Poi c'è la vita. Quella che vedi affaccendata ai bordi dei marciapiedi
quando attraversi la città in rick-shaw. Quella dei mercati. Quella che lotta
per salire su un autobus, come accade ogni giorno ad ognuno di noi nella nostra
bella e moderna capitale. Quella che si veste di colori brillanti per sembrare
una farfalla che vola e si posa sulla spazzatura e il grigio delle strade che
non hanno nulla da invidiare ai nostri cumuli di immondizia con gabbiani, topi
e cinghiali. Senza però quel tocco poetico di colore dato dagli abiti delle
donne bangladesi.
Dhaka, febbraio 2020 |
Ecco, io ho sempre pensato che tutto ciò fosse chiaro, leggibile nelle
mie fotografie. Ma pare che questo possa offrire una brutta immagine di Dhaka o
del Bangladesh.
Non c'è cosa che mi rattrista e addolora di più. Con una ingenuità che
pensavo di aver perso, e un certo realismo alla Wittgenstein prima maniera,
veramente credevo che tutta la mia passione per la fotografia e l'amore per i
soggetti che ritraggo emergesse senza possibile fraintendimento.
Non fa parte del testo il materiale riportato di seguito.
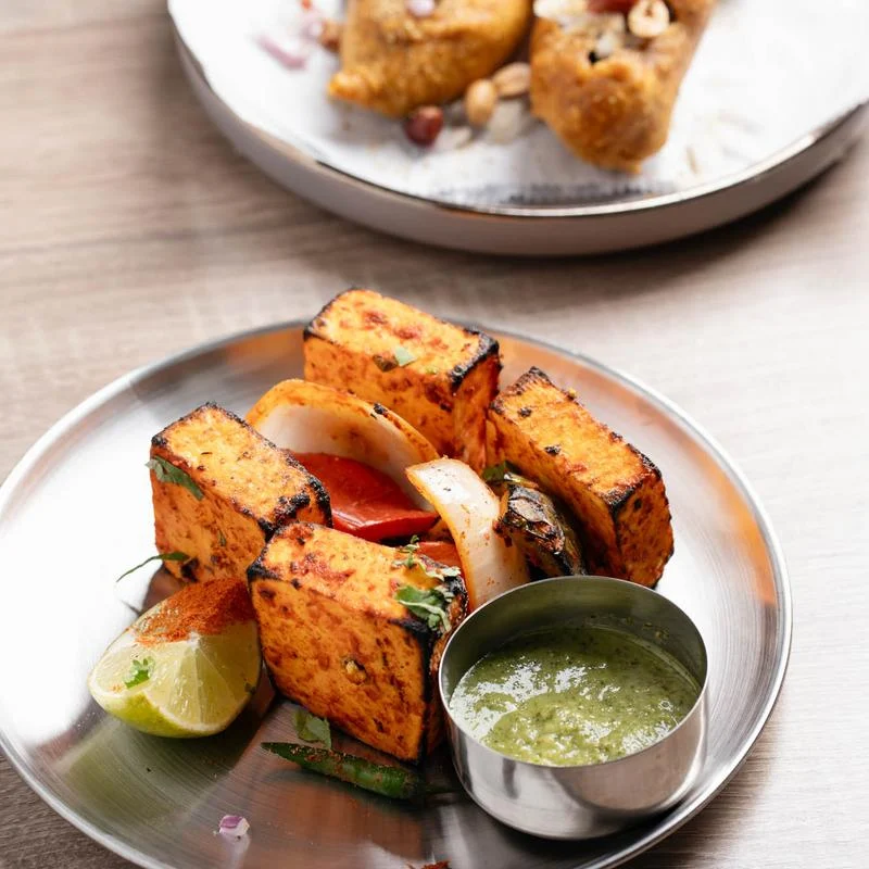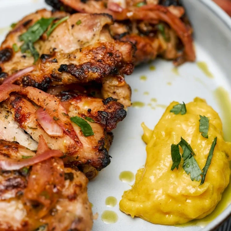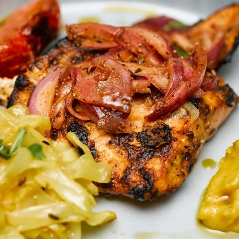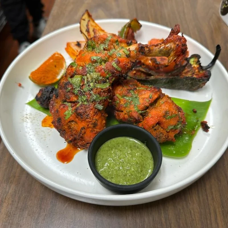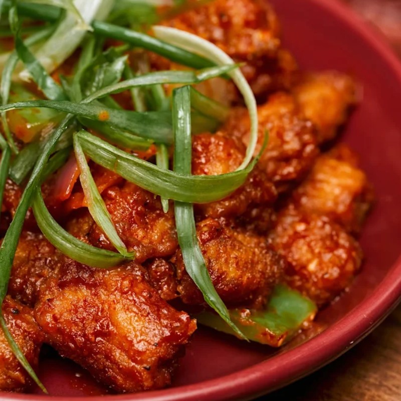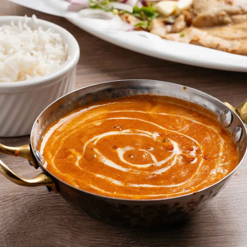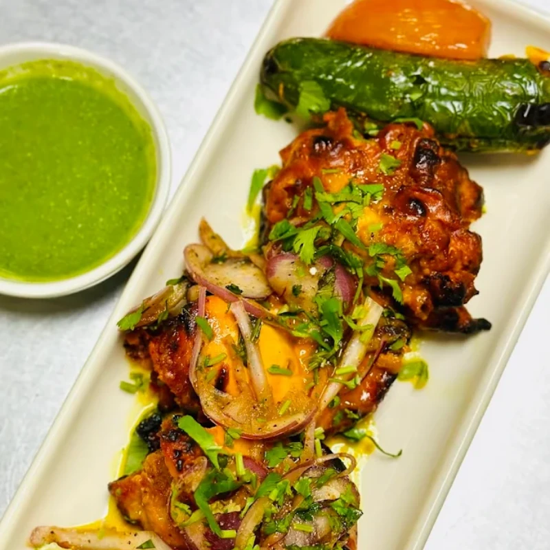 Indian flavored rice cooked with aromatic spices and served with indian spices marinated fried chicken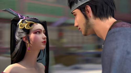 ­  高渲染,细建模的画质为这部作品增了不少彩,每一帧的画面都美的像壁纸,比如鬼街的画面,冷色调和暖色调交相呼应,相得益彰,色彩运用的真是绝妙。还有人物神情也做的非常自然不僵硬,一颦一笑都很流畅。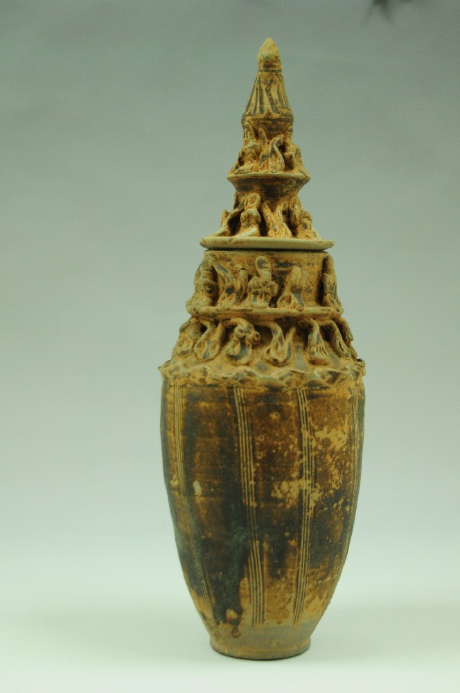 宋醬褐釉堆塑人(rén)物(wù)紋瓶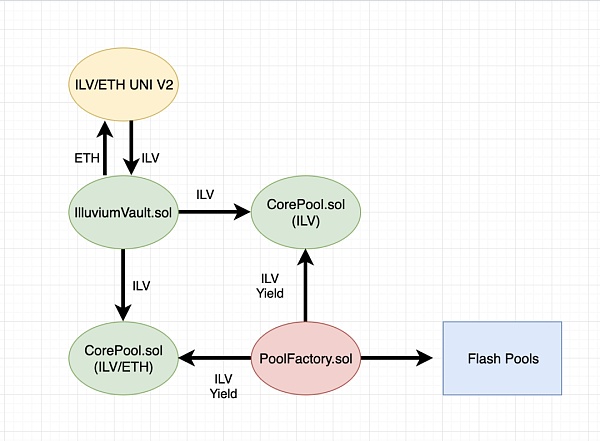 3)金庫資金使用:金庫會定期自動地使用 ETH 從 ILV/ETH 交易對中購買 ILV,并把 ILV 按比例分配給 ILV 質押者。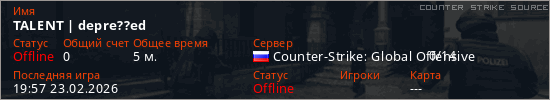 Играет на Counter Strike Source сервере. Страна: РоссияПервый раз замечен 19:46 23.02.2026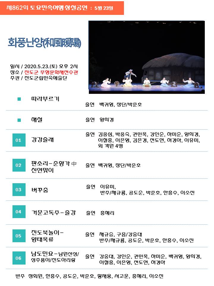 진도 토요민속여행 상설공연(5월 23일) / "화풍난양(和風暖陽)"

Per me la vera ricchezza di un paese è nel suo popolo e non nella
pulizia delle strade o nei centri commerciali alla moda o nei paesaggi da
cartolina.
Non è un abito più o meno consumato o annerito dagli anni e dalla
strada che intacca il valore di una città, ma è in quel sorriso fatto ad uno
sconosciuto, anche in mezzo a mille difficoltà quotidiane, che sta tutta la
grandezza. Quello che noi abbiamo perso da molti anni che mi fa mancare l'Asia
ogni giorno.
Quella calma e colorata sopravvivenza che è il segno della vera anima
di un popolo.
Anche se sembra controintuitivo io veramente penso che ridono più i
poveri dei ricchi. Così come ridono più i bambini degli adulti.
Per me non esiste un modo migliore per raccontare una città se non
quello di mostrare la bellezza del suo popolo, i loro sorrisi, la loro
gentilezza.
Se questo non viene capito allora per me non ha più senso alcuno
continuare a fare fotografie, così come quando decisi di smettere di scrivere
poesie perché nessuno riusciva a comprendere totalmente il significato delle
mie parole e dei sentimenti che vi erano raccolti.
È ovvio – e per fortuna – che ognuno legge le immagini come crede e
sente, ma dovrebbe esserci sempre però il riconoscimento di quell'amore che
pervade ogni fotografia.
Se quei sorrisi, quei colori, quegli occhi luminosi non sono
sufficienti allora vuol dire che non so fare il mio mestiere.
Questo non vuol dire che non andrò avanti fino alla fine dei miei
giorni a cercare il colore ogni mattina e ad amare ogni persona sconosciuta che
incontrerò per la strada.
Ma questa ferita sanguinerà ancora per molto, molto tempo.